> **What you will do**
Exact copy without images: repeat every entry as written.

"""

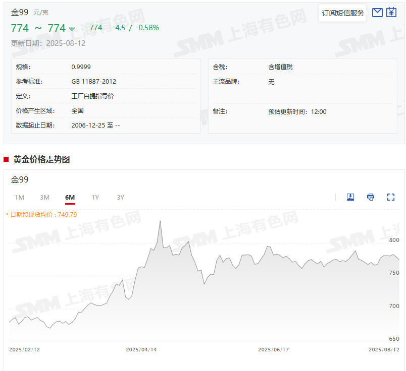 金99现货6月30日的均价为761元/克,与2024年12月31日的均价614.4元/克相比,涨幅为23.86%。而其8月12日的均价为774元/克,与前一交易日相比下降了0.58%。
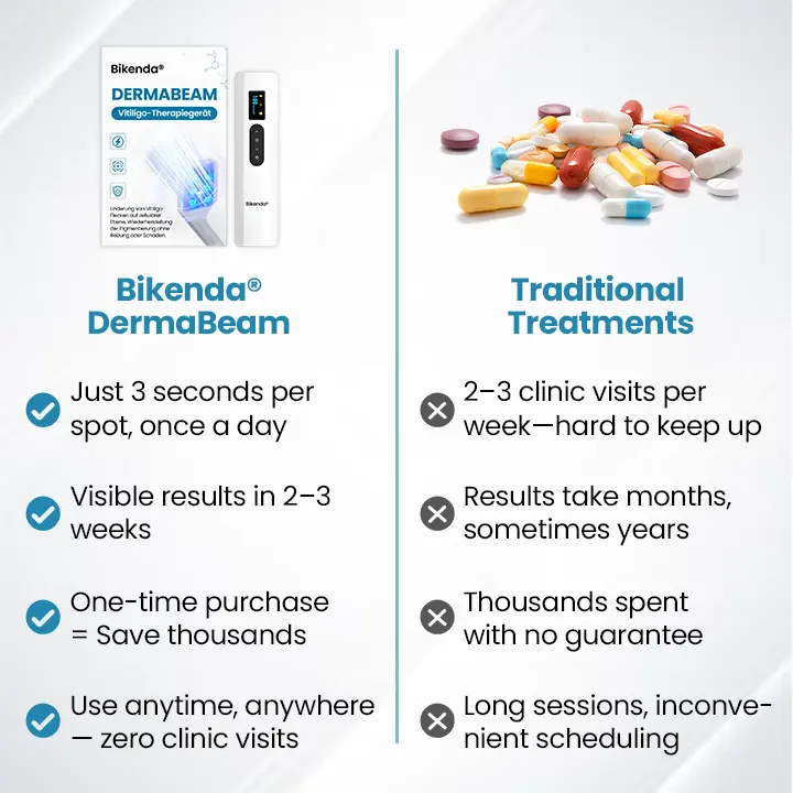 בשונה מטיפולים מסורתיים הדורשים ביקורים תכופים במרפאה וזמני החלמה ארוכים, Bikenda® DermaBeam דורש רק כמה דקות מדי יום – עם שיפורים גלויים תוך שבועות בלבד. בין אם אתה מחפש לשחזר את גוון העור או לנהל תסמיני ויטיליגו חוזרים, הוא מציע פתרון פשוט, יעיל,
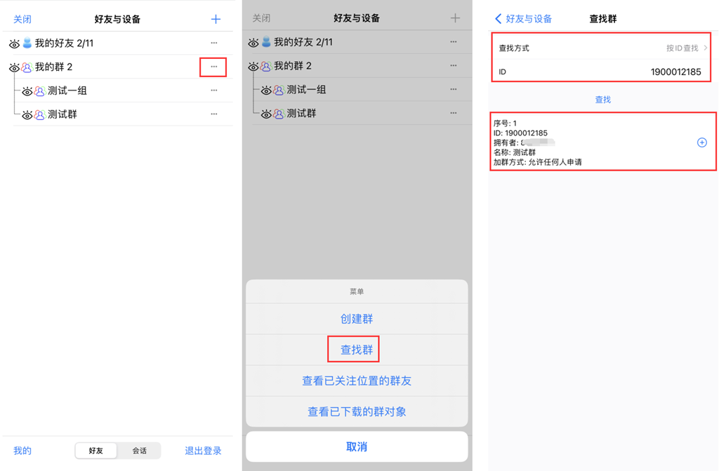 在[好友]页面,点击[我的群]右侧的1按钮,弹出[菜单]页面;点击【查找群】,选择查找方式(包括按ID查找或者按名称查找),输入ID或者名称,点击【查找】按钮,即可。
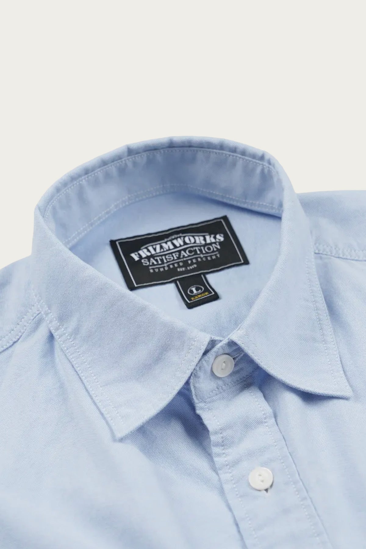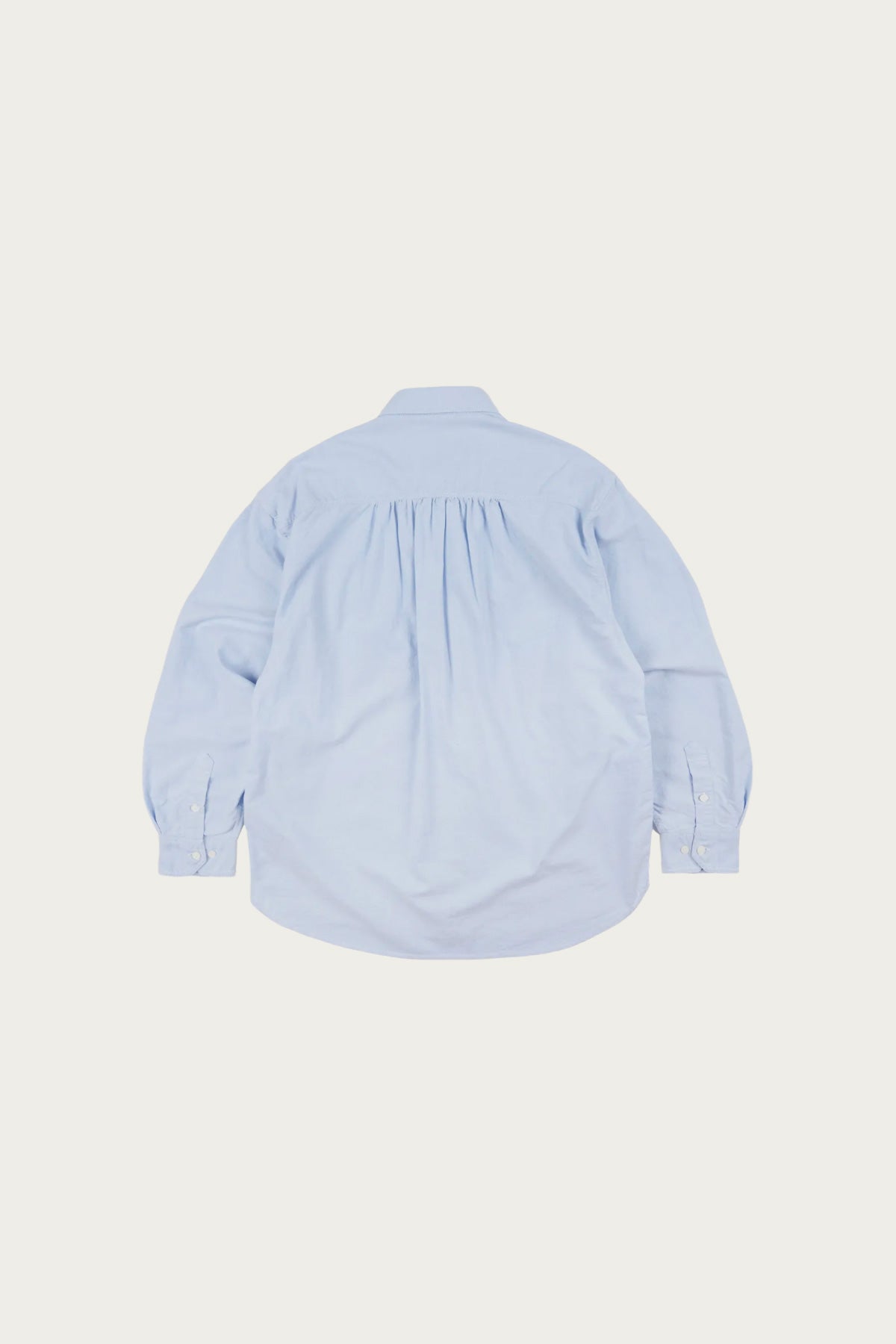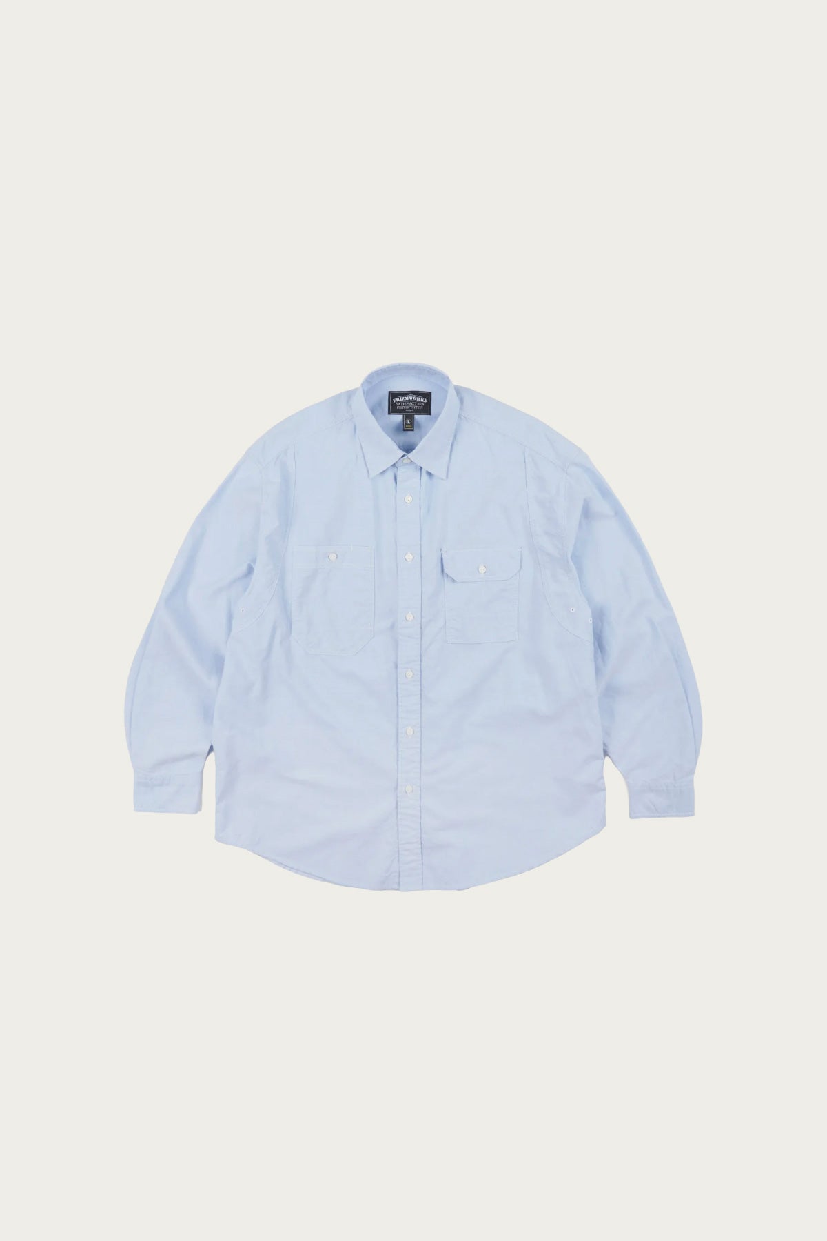 A heritage inspired work shirt cut from sturdy oxford cloth in a light blue tone. Features symmetrical chest pockets with button closures and a clean, structured collar that references early American workwear.
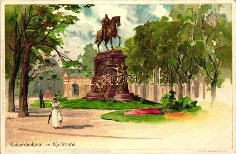 Karlsruhe, Kaiserdenkmal / statue, Velten's Künstlerpostkarte No. 29. litho s: Kley
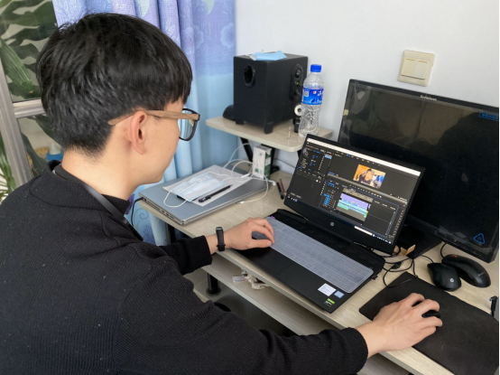 担任视频制作的是在校研究生商鹏程,远在云南大理的他,在网上收集了大量视频和图片资料,特别是联系我们公司以及丝绸之路公司等单位,力图将公司师生疫情期间的事迹集中展现出来。
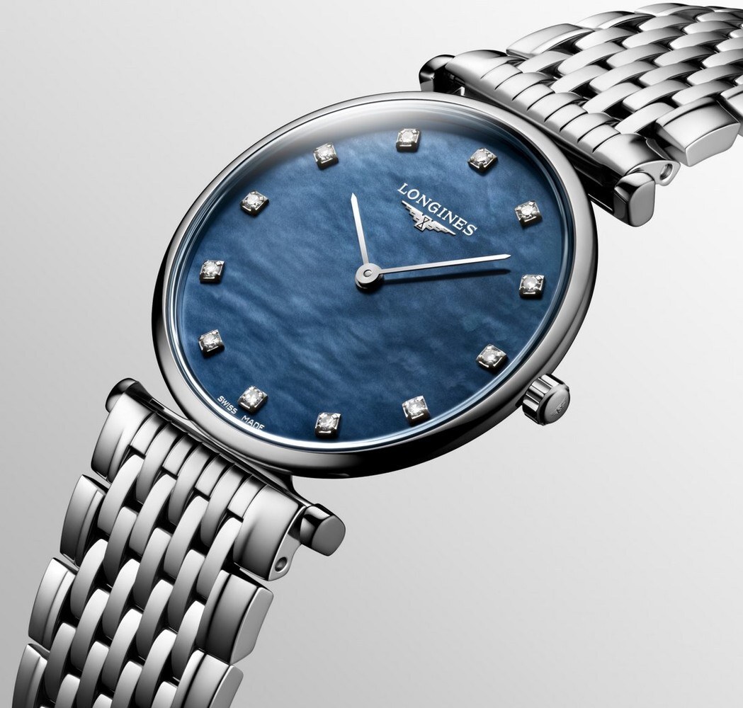 Корпус: Круглый эргономичный корпус выполнен из нержавеющей стали, поверхности с финишной глянцевой полировкой. Циферблат перламутровый синего цвета, инкрустирован 12 бриллиантами, стрелки имеют серебристое покрытие и полировку. Сапфировое стекло устойчивое к возникновению царапин. Диаметр корпуса составляет 29 мм, толщина - 4.5 мм. Водостойкость 3 бар.

"""

> **Solution to this task**
 金99现货6月30日的均价为761元/克,与2024年12月31日的均价614.4元/克相比,涨幅为23.86%。而其8月12日的均价为774元/克,与前一交易日相比下降了0.58%。
 בשונה מטיפולים מסורתיים הדורשים ביקורים תכופים במרפאה וזמני החלמה ארוכים, Bikenda® DermaBeam דורש רק כמה דקות מדי יום – עם שיפורים גלויים תוך שבועות בלבד. בין אם אתה מחפש לשחזר את גוון העור או לנהל תסמיני ויטיליגו חוזרים, הוא מציע פתרון פשוט, יעיל,
 在[好友]页面,点击[我的群]右侧的1按钮,弹出[菜单]页面;点击【查找群】,选择查找方式(包括按ID查找或者按名称查找),输入ID或者名称,点击【查找】按钮,即可。
 A heritage inspired work shirt cut from sturdy oxford cloth in a light blue tone. Features symmetrical chest pockets with button closures and a clean, structured collar that references early American workwear.
 Karlsruhe, Kaiserdenkmal / statue, Velten's Künstlerpostkarte No. 29. litho s: Kley
 担任视频制作的是在校研究生商鹏程,远在云南大理的他,在网上收集了大量视频和图片资料,特别是联系我们公司以及丝绸之路公司等单位,力图将公司师生疫情期间的事迹集中展现出来。
 Корпус: Круглый эргономичный корпус выполнен из нержавеющей стали, поверхности с финишной глянцевой полировкой. Циферблат перламутровый синего цвета, инкрустирован 12 бриллиантами, стрелки имеют серебристое покрытие и полировку. Сапфировое стекло устойчивое к возникновению царапин. Диаметр корпуса составляет 29 мм, толщина - 4.5 мм. Водостойкость 3 бар.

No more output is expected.